MLSys 2026 (May 18–21, Bellevue, WA) just wrapped. This is my post-conference reading guide: the speculative-decoding papers worth your time grouped by theme, the invited-talk lineup, and a step back to think about where the next innovation cycle is heading.MLSys 2026（5 月 18–21 日，华盛顿州贝尔维尤）刚刚落幕。这是我的会后阅读指南：按主题分组的、值得一读的投机解码（speculative decoding）论文，特邀报告阵容，以及退后一步、思考下一个创新周期走向何方。

Disclaimer: This is a personal reading guide from an individual builder's perspective. All groupings, summaries, and opinions are my own; headline numbers are quoted from the papers' own abstracts.声明：这是一份来自个人 builder 视角的阅读指南。所有分组、总结与观点均为我个人所有；标题数字引自论文各自的摘要。

Speculative Decoding @ MLSys 2026

Speculative decoding (SD) is one of the loudest themes at MLSys 2026 — nine papers across the program, and the conversation has clearly shifted. It's no longer "does draft-then-verify work?" but "where does it actually pay off, and where is it an illusion?" Below I group the papers by the problem they attack. Each links to its MLSys page and arXiv preprint.

Note: SemiAnalysis's MLSys 2026 preview flags the same currents from the analyst side — speculative decoding for RL's long-tail rollouts, sparse attention moving into production, hardware/software co-design via disaggregation, and MoE-serving challenges.
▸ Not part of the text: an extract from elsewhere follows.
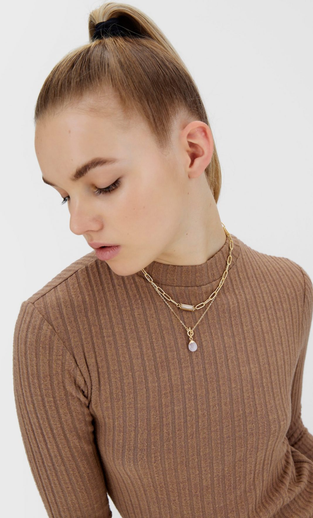 Las tiendas de Stradivarius han alcanzado una gran fama en España por la gran variedad de ropa que ofrecen a todo tipo de precios. Sin embargo, también destaca por sus accesorios. y por su bisutería. En sus tiendas se pueden encontrar collares como el que te presentamos a continuación, pero también anillos, pendientes, bolsos… Echa un ojo a todo.

All nine are Research Track papers. Per the MLSys 2026 calendar, the orals split across two sessions — LLM Training 2 (Wed, May 20) and LLM Serving 5 (Thu, May 21) — so I tag each below with its track and whether it targets LLM TRAINING or LLM SERVING.

1 · RL + Speculative Decoding

The rollout/generation stage now dominates RL post-training time. Both papers retarget SD at the RL loop — where the drafter and policy are both moving.

ReSpec: Towards Optimizing Speculative Decoding in Reinforcement Learning Systems ORAL RESEARCH LLM TRAINING

Qiaoling Chen, Zijun Liu, Peng Sun, Shenggui Li, Guoteng Wang, Ziming Liu, Yonggang Wen, Siyuan Feng, Tianwei Zhang

Generation can eat 75%+ of RL training time. ReSpec tackles the three ways naive SD breaks in RL — vanishing gains at large batch sizes, drafter staleness as the actor updates, and drafter-induced policy degradation — via dynamic SD config tuning, drafter evolution by distillation, and reward-weighted updates.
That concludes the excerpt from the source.